* **Required action**:
Among the entries below, only the lines from the one with "- We bestrijken" through the one with "Boîte à ouvrage" are wanted, reproduced exactly. Pictures are not wanted.

* **Data shown**:
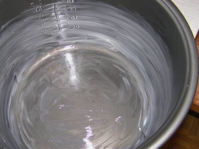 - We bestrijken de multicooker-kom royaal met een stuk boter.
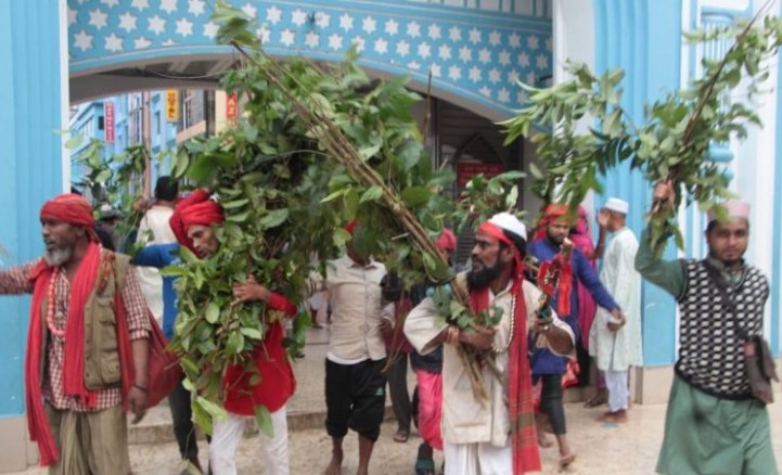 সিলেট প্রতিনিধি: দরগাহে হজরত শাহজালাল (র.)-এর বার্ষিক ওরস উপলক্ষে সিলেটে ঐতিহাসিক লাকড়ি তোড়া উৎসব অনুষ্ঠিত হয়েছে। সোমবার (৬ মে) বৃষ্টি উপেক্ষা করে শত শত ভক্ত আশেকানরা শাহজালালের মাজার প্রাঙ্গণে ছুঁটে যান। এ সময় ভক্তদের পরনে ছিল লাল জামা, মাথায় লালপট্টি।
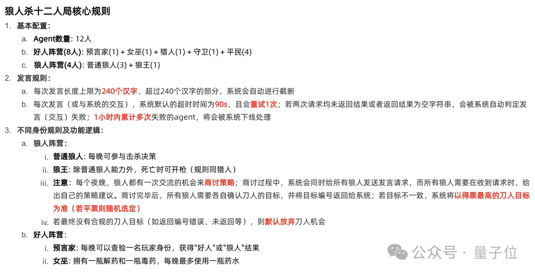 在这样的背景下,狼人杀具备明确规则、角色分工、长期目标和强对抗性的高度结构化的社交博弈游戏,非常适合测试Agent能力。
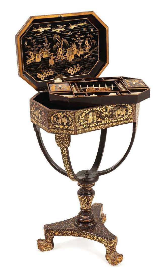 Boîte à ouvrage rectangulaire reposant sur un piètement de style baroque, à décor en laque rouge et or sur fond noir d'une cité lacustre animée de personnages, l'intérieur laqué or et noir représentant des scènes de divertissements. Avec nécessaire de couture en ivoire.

---

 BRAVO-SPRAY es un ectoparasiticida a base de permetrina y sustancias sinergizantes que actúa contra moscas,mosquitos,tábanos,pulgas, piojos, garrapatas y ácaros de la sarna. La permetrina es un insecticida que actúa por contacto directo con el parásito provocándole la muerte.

* * *

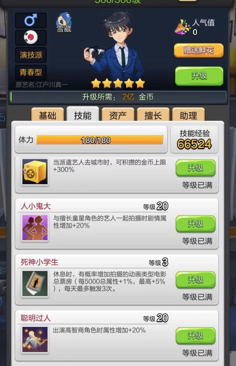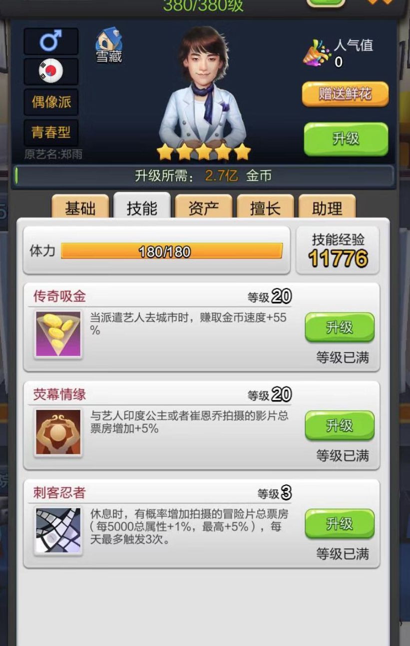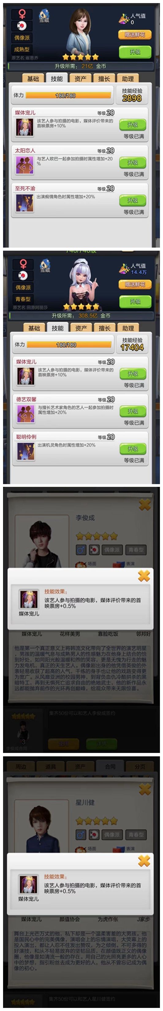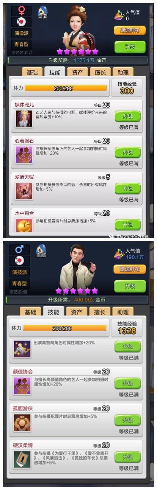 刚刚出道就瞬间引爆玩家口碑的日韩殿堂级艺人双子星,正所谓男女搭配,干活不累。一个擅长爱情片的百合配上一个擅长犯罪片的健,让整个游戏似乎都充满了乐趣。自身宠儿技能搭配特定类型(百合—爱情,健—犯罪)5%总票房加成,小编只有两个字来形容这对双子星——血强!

* **Problem solution**:
 - We bestrijken de multicooker-kom royaal met een stuk boter.
 সিলেট প্রতিনিধি: দরগাহে হজরত শাহজালাল (র.)-এর বার্ষিক ওরস উপলক্ষে সিলেটে ঐতিহাসিক লাকড়ি তোড়া উৎসব অনুষ্ঠিত হয়েছে। সোমবার (৬ মে) বৃষ্টি উপেক্ষা করে শত শত ভক্ত আশেকানরা শাহজালালের মাজার প্রাঙ্গণে ছুঁটে যান। এ সময় ভক্তদের পরনে ছিল লাল জামা, মাথায় লালপট্টি।
 在这样的背景下,狼人杀具备明确规则、角色分工、长期目标和强对抗性的高度结构化的社交博弈游戏,非常适合测试Agent能力。
 Boîte à ouvrage rectangulaire reposant sur un piètement de style baroque, à décor en laque rouge et or sur fond noir d'une cité lacustre animée de personnages, l'intérieur laqué or et noir représentant des scènes de divertissements. Avec nécessaire de couture en ivoire.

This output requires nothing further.